Using Memories As Fuel
I started working once Aspen was around 10 months old. Finding a job wasn’t easy, I literally had no clue what I wanted to do and spent all of my energy and time scrolling and applying to mediocre jobs.
Then one day my mum gave me some tough love and told me to start walking into town handing out my resume. GULP. I walked into the town of Locust Valley knocking door to door and handing out my resume which was (nearly) as desolated as my confidence.
Nothing came from it, but a few days later I got a call from a country club. They were interested, and wanted me to work in there Golf Store. Keep in mind, I had no interest in golf-but I had to buy diapers and formula for Aspen.
Failing wasn’t an option, and there was nothing I couldn’t learn.
I started almost immediately, making around $15 an hour. I worked on the stores visual merchandising, inventory, buying and helped create a website from scratch. In retrospect, I was passionate about making the job work even if I had no desire in golf. I was working my ass off as a single mum and would do whatever was necessary to support Aspen.

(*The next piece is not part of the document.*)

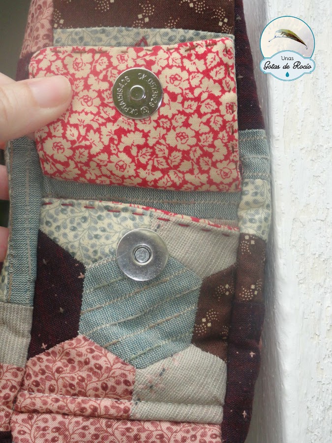 En uno de los laterales he colocado un bolsillito imprescindible para mí, ya que es el bolsillo de las llaves. Al estar por fuera las localizo rápidamente, sin tenerme que parar delante del coche a abrir el bolso y sumergirme en él a la caza y captura de las llaves.

Fast forward a few months into the mix, and it was clear my hard work went unnoticed. I returned to work almost immediately after being the victim in a domestic violence case and that same week, was fired. I was told that I would never be a salesperson and it was one of the best things that’s ever happened to me. To this day, I use the memory as fuel.
I spent the remainder of 2015 building myself back up and healing all physical and emotional wounds.
Between court dates, dealing with lawyers, police, the attorney general and all sorts of people in between-it was one of the worst years of my life. I had to re-live the trauma over and over. The silver lining? that both events formed me into the strong woman that I am today.
Aspen is my everyday light and inspiration. I look at him and see so much love, happiness, and joy. Knowing that whatever life may throw at us, we're going to get through. I believe that being able to share my journey, free of fear and judgment is a beautiful thing and hope that this post gives you the same courage to keep pushing on - even when life gives you lots of lemons.